### What this task involves:
Give an exact reproduction of the lines from the one with "Nyúl Péter stílusú" to the final line of the entries below, both ends included, and omit the pictures.

[Stored dataset items]
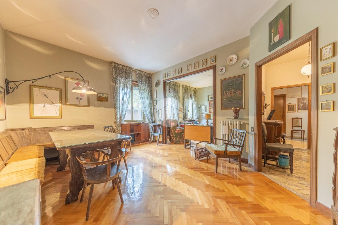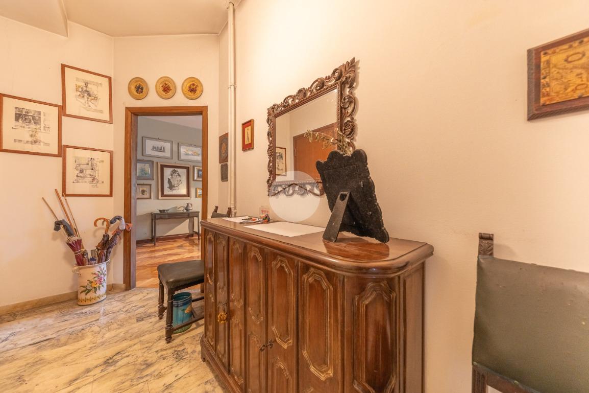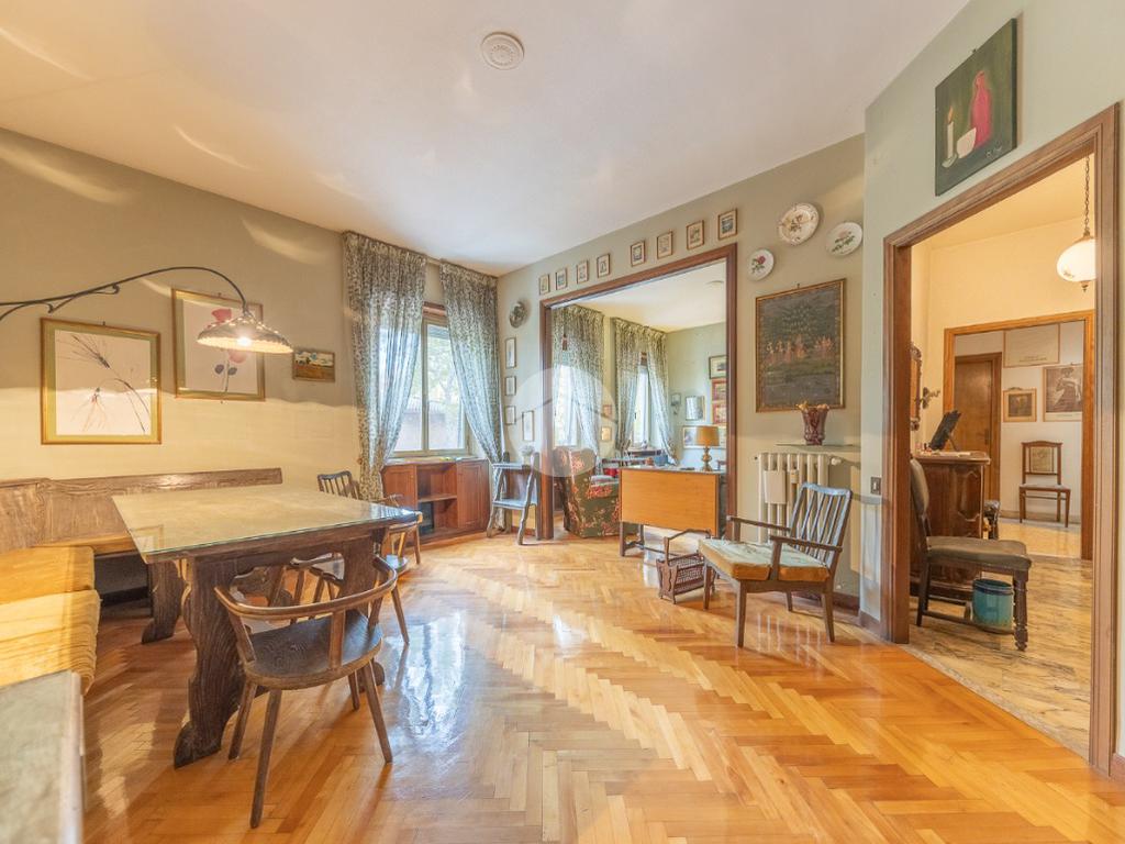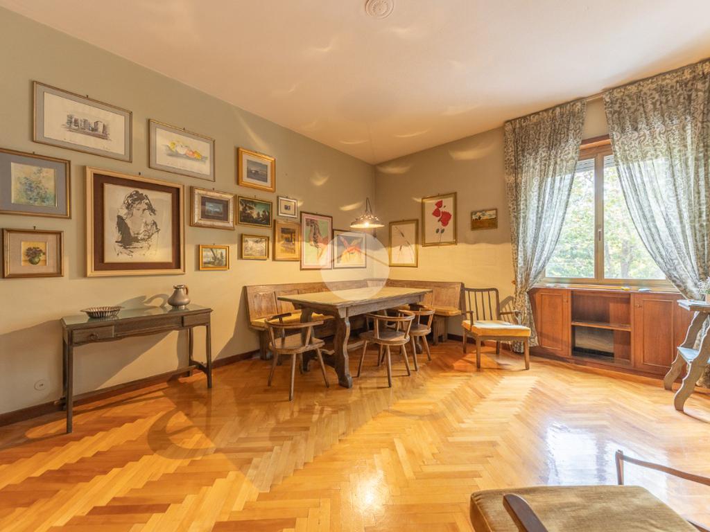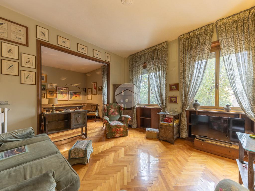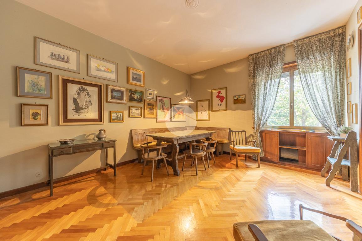 Appena si entra, si viene accolti da un grande disimpegno che introduce all'accesso diretto al salone triplo, ampio e luminoso, da cui si può godere di una bella vista sul parco, regalando un’atmosfera tranquilla e verde.
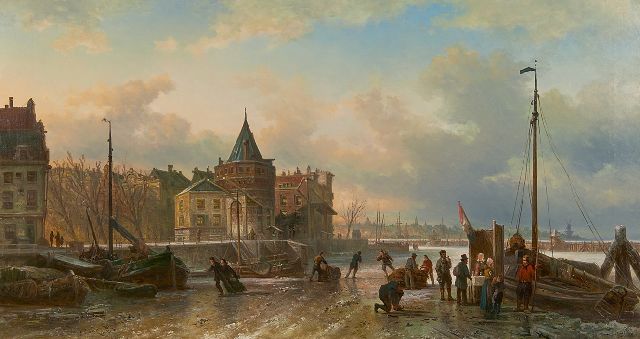 Elias Pieter van Bommel | IJsvertier bij de Schreierstoren, Amsterdam, olieverf op doek, 54,3 x 100,4 cm, gesigneerd l.o. en gedateerd 1883
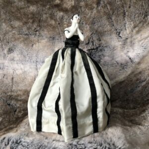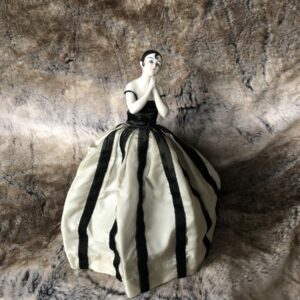 Demi figurine « Garçonne » avec son habit d’origine en satin de soie et velours, ensemble monté sur une armature métallique recouverte de tissu.
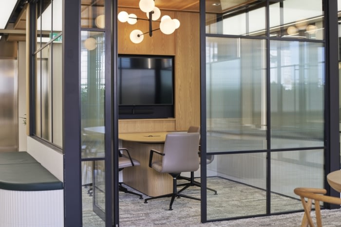 隐藏的门提供通往客户端会议室的通道,确??突г诜梦势诩浠竦媒魃骱妥ㄒ档奶逖?。接待区旨在欢迎访客,并在其后面设有一间会议室,交通便利。此外,客户区还设有开放式会议空间和设备齐全的小厨房,营造出热情好客的协作环境。#办公室室内设计公司#
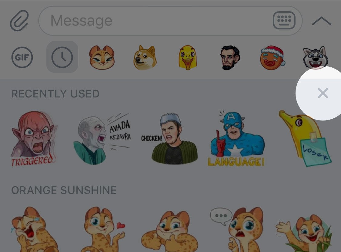 Clear recent stickers on iOS
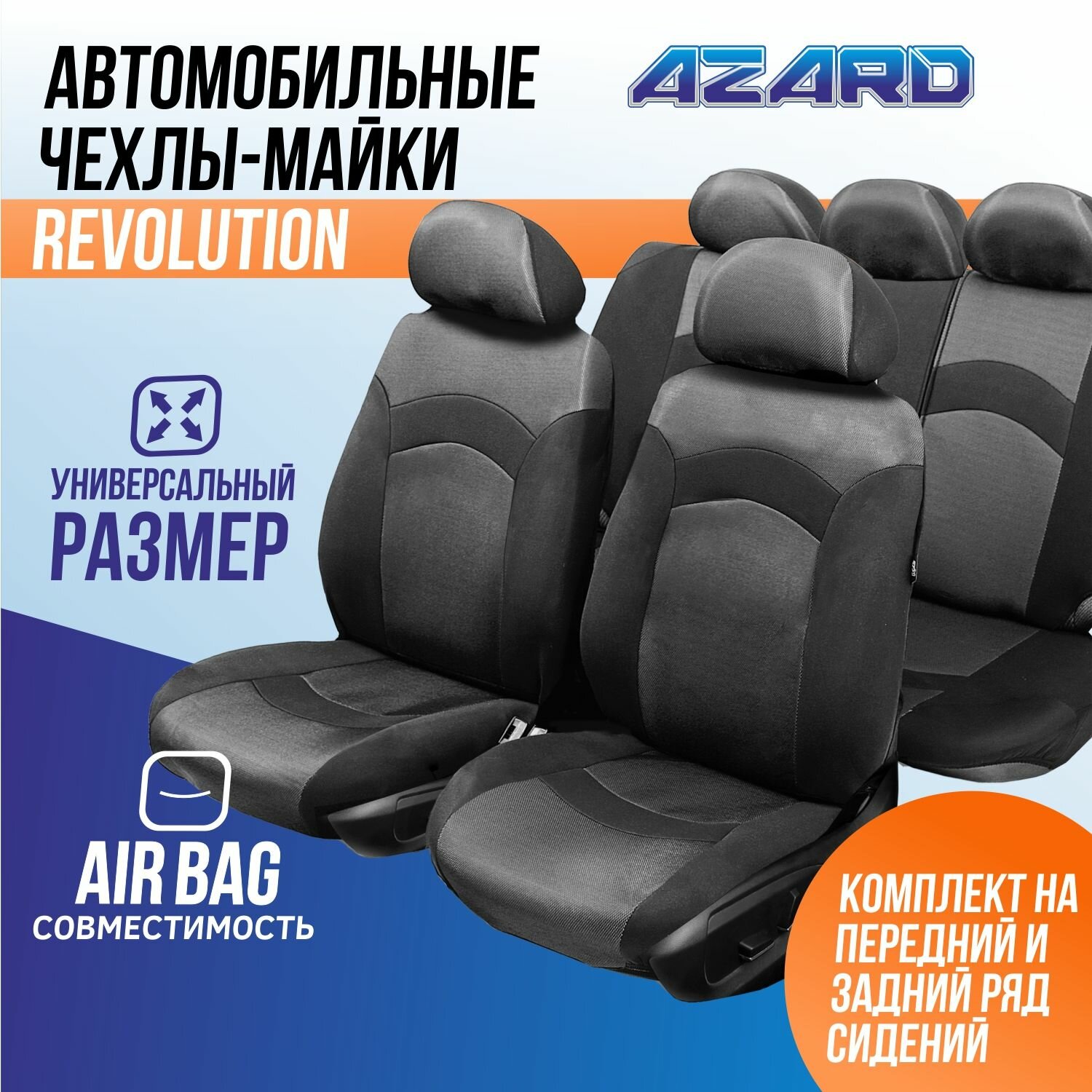 Купить Чехлы-майка на сиденья REVOLUTION /черно-серебряный/ полный с молнией AZARD MAI00040
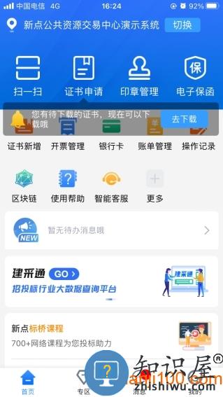 首次申领完证书,并被CA公司审核通过后,用户可通过点击【去下载】按钮,跳转至消息页面,进行证书下载操作,如下图所示。
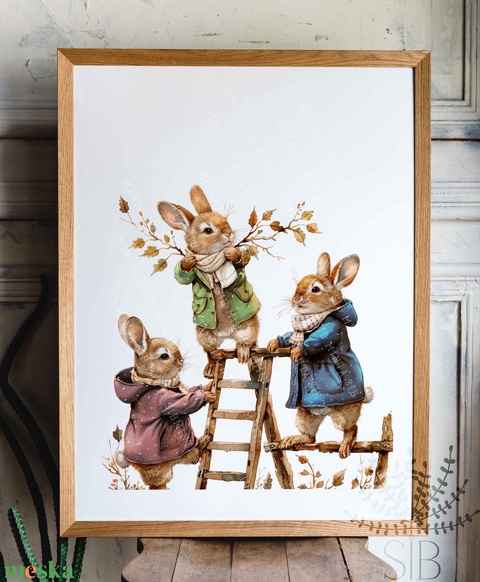 Nyúl Péter stílusú illusztráció, gyerekszobai falikép
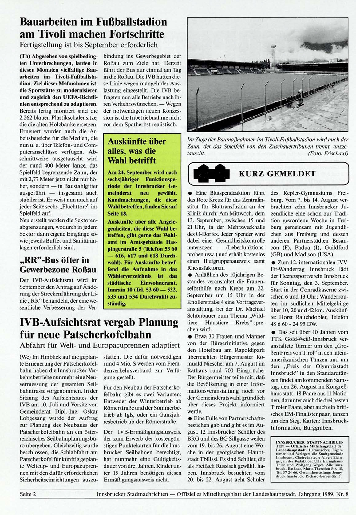 Innsbrucker Stadtnachrichten — Offizielles Mitteilungsblatt der Landeshauptstadt. Jahrgang 1989, Nr. 8
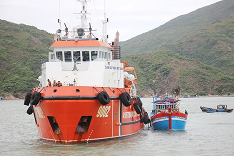 | Tàu Cảnh sát biển 9002, Hải đội 201 lai dắt tàu cá QNg 97299 - TS và 10 ngư dân về đất liền. |
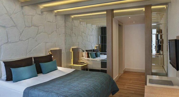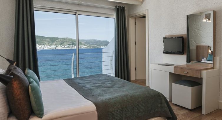 Номера небольшие, светлые, современная мебель, тв плазма.Из окон открывается вид на Бодрум.

### Answer box:
 Nyúl Péter stílusú illusztráció, gyerekszobai falikép
 Innsbrucker Stadtnachrichten — Offizielles Mitteilungsblatt der Landeshauptstadt. Jahrgang 1989, Nr. 8
 | Tàu Cảnh sát biển 9002, Hải đội 201 lai dắt tàu cá QNg 97299 - TS và 10 ngư dân về đất liền. |
 Номера небольшие, светлые, современная мебель, тв плазма.Из окон открывается вид на Бодрум.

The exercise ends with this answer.